Page 1 of 1

Multicropping Dictionary Entries (Based on Whitespace)

Posted: 2012-08-14T23:55:23-07:00
by rramphal
Hi Everyone,

This forum is amazing and I am hoping that someone will be able to help me out with this project:

I have a set of scans of a dictionary. Here are four examples (I left them as links because they are all quite large):
http://img189.imageshack.us/img189/9287/00011y.png
http://img854.imageshack.us/img854/29/03022.png
http://img826.imageshack.us/img826/2843/07452.png
http://img443.imageshack.us/img443/7585/09922.png

I want to run a script on all the files that would multicrop them to their individual entries.

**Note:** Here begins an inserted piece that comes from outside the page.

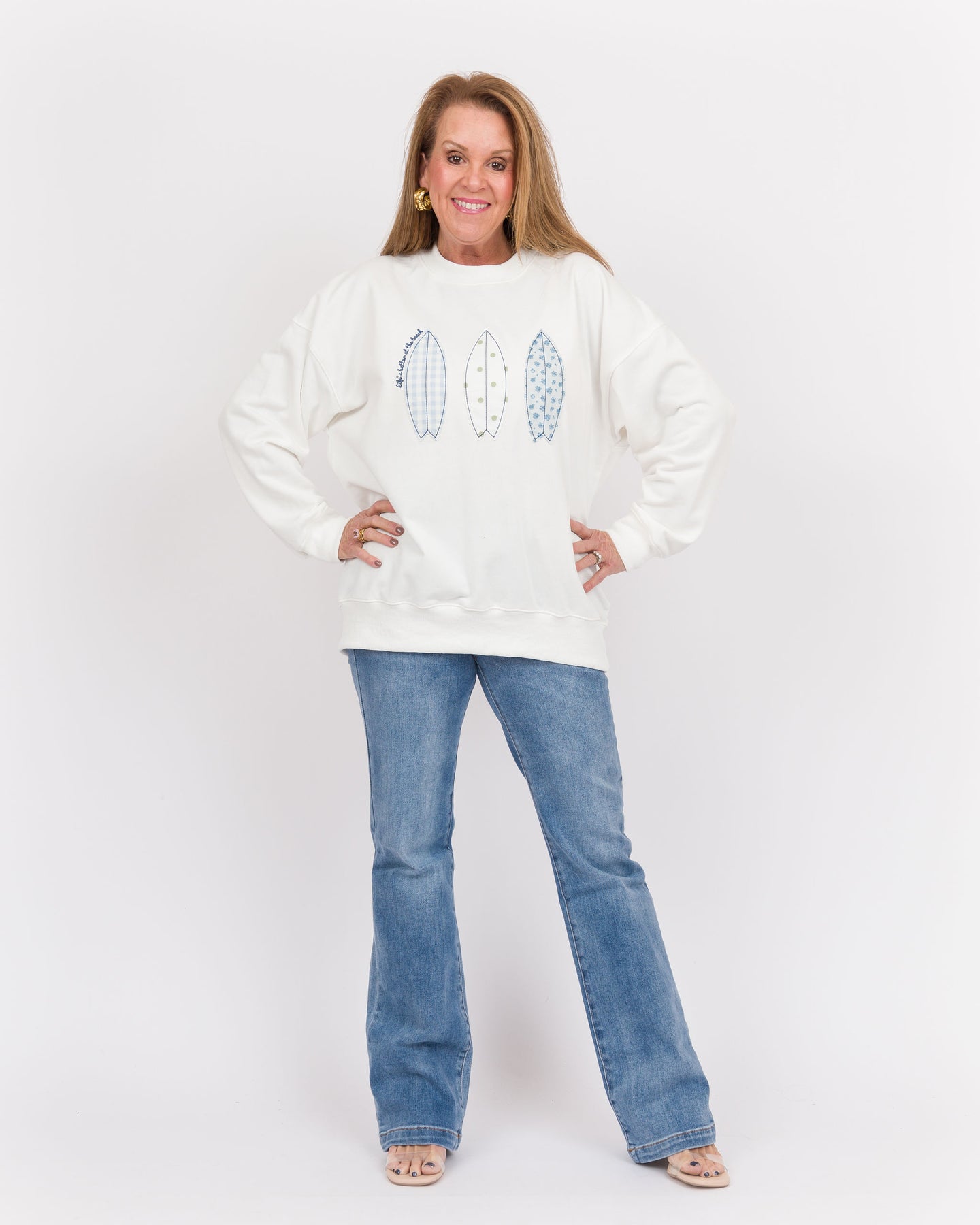 Elevate your casual wardrobe with this charming boat patchwork sweatshirt, featuring a unique mix of nautical-inspired fabric panels that add visual interest and personality to your everyday look. The relaxed fit and soft construction make it perfect for layering or wearing solo, whether you're heading to the coast or staying cozy at home. A versatile piece that effortlessly bridges the gap between comfort and style.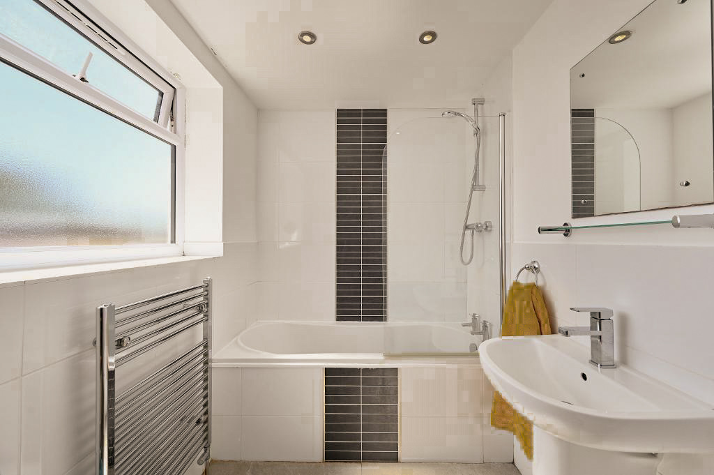 The heart of this home is its impressive modern kitchen, featuring sleek white cabinetry, integrated appliances, a double oven, and elegant black countertops. Tiled flooring and large windows ensure a bright, airy space perfect for both daily living and entertaining. The adjoining utility room is equipped with modern appliances and garden access, blending functionality with style. Each bedroom is thoughtfully designed to maximise comfort and light. The principal bedrooms offer large windows, built-in storage, and warm wooden flooring, while the attic room, with its Velux window and clever built-in shelving, provides a unique retreat ideal for a study or playroom. Both bathrooms are luxuriously appointed, each boasting a contemporary walk-in shower, chrome heated towel rail, ample natural light, and sleek fixtures for a spa-like experience.

Ideally, the image would be split according to the red lines below and be named in a sequential manner (eg. 0001.1-01.png, 0001.1-02.png, ..., 0001.1-13.png) so that in the end, I would have a set of images, each with its own dictionary entry.

Image

I had the idea that I could replace rows of consecutive white pixels with one line and then crop from there (like viewtopic.php?f=1&t=20766). I also found this topic: viewtopic.php?f=1&t=16041 which is similar; however, the particular issue with this project is that there is also whitespace between lines within an entry. It seems as though the difference in the whitespace heights is enough to separate just the entries and not the lines, but I'm not sure how to start. I hope that this is clear enough. I would appreciate any ideas or suggestions!

Thanks!
Ravi

Re: Multicropping Dictionary Entries (Based on Whitespace)

Posted: 2012-08-15T10:42:41-07:00
by fmw42
Are you able to insert the red lines yourself? If so then the first reference you gave will provide the solution. If not, then note that each text section starts with some bold characters that start to the left side of the image. None of the following text lies in that region. So you should be able to use the first few columns to locate those bold characters. -scale the first few columns down to one column and look for the begining of dark regions that will define those characters. Then allow for half the distance between the characters and the bottom of the line just above them. That will then give you the Y coordinates for the crops and the width of the image is the X coordinate. Loop over each Y coordinate extracted from the dark areas of the column and do your crops appropriately.

Re: Multicropping Dictionary Entries (Based on Whitespace)

Posted: 2012-08-16T15:02:24-07:00
by rramphal
Wow ― that is so ingenious! Thank you so much Fred! I'll try it out and see if I can get it to work.